• Data segment:
------------------------------------------------

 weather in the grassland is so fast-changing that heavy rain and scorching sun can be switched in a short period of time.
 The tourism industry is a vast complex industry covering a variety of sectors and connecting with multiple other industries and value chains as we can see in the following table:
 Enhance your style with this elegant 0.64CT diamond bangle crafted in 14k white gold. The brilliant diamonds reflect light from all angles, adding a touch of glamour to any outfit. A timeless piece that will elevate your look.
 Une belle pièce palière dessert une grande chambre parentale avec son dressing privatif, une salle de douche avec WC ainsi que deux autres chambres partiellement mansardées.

------------------------------------------------

• Action item:
Write the material out again in its entirety, exactly as shown.

• Worked solution:
 weather in the grassland is so fast-changing that heavy rain and scorching sun can be switched in a short period of time.
 The tourism industry is a vast complex industry covering a variety of sectors and connecting with multiple other industries and value chains as we can see in the following table:
 Enhance your style with this elegant 0.64CT diamond bangle crafted in 14k white gold. The brilliant diamonds reflect light from all angles, adding a touch of glamour to any outfit. A timeless piece that will elevate your look.
 Une belle pièce palière dessert une grande chambre parentale avec son dressing privatif, une salle de douche avec WC ainsi que deux autres chambres partiellement mansardées.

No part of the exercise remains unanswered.